Cocoa beans were used by the Native Americans to prepare a chocolate drink or chocolate and also as a form of currency for trading purposes and payment of tribute to the king. After the conquest of Central America in 1521, Hernan Cortez and his Conquistadors took a small cargo of cocoa beans to Spain in 1528, together with utensils for making the chocolate drink.
By 1580 the drink had been popularized in the country and consignments of cocoa were regularly shipped to Spain. The popularity of chocolate as a drink spread quickly throughout Europe, reaching Italy in 1606, France in 1615, Germany in 1641 and Great Britain in 1657.

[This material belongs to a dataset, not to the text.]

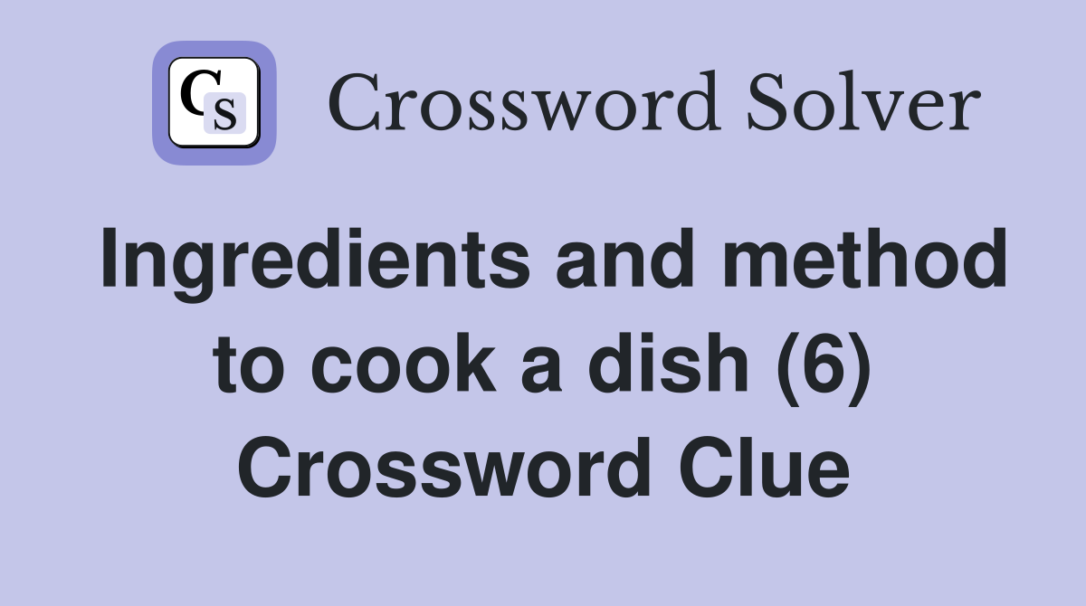 Ingredients and method to cook a dish (6) Crossword Clue Answers

Large-scale cultivation of cocoa was started by the Spanish in the 16th century in Central America. It spread to the British, French and Dutch West Indies (Jamaica, Martinique and Surinarn) in the 17th century and to Brazil in the 18th century. From Brazil it was taken to SÃO Tome and Fernando Pó (now part of Equatorial Guinea) in 1840; and from there to other parts of West Africa, notably the Gold Coast (now Ghana), Nigeria and the Ivory Coast.
The available records indicate that Dutch missionaries planted cocoa in the coastal areas of the then Gold Coast as early as 1815, whilst in 1857 Basel missionaries also planted cocoa at Aburi.
However, these did not result in the spread of cocoa cultivation until Tetteh Quarshie, a native of Osu, Accra, who had travelled to Fernando Po and worked there as a blacksmith, returned in 1879 with Amelonado cocoa pods and established a farm at Akwapim Mampong in the Eastern Region. Farmers bought pods from his farm to plant and cultivation spread from the Akwapim area to other parts of the Eastern Region.
In 1886, Sir William Bradford Griffith, the Governor, also arranged for cocoa pods to be brought in from Sao Tome, from which seedlings were raised at Aburi Botanical Garden and distributed to farmers.
In recognition of the contribution of cocoa to the development of Ghana, the government in 1947 established the Ghana Cocoa Board (COCOBOD) as the main government agency responsible for the development of the industry.
Currently there are seven cocoa growing regions namely Ashanti, Brong Ahafo, Eastern, Volta, Central and Western North and Western South regions.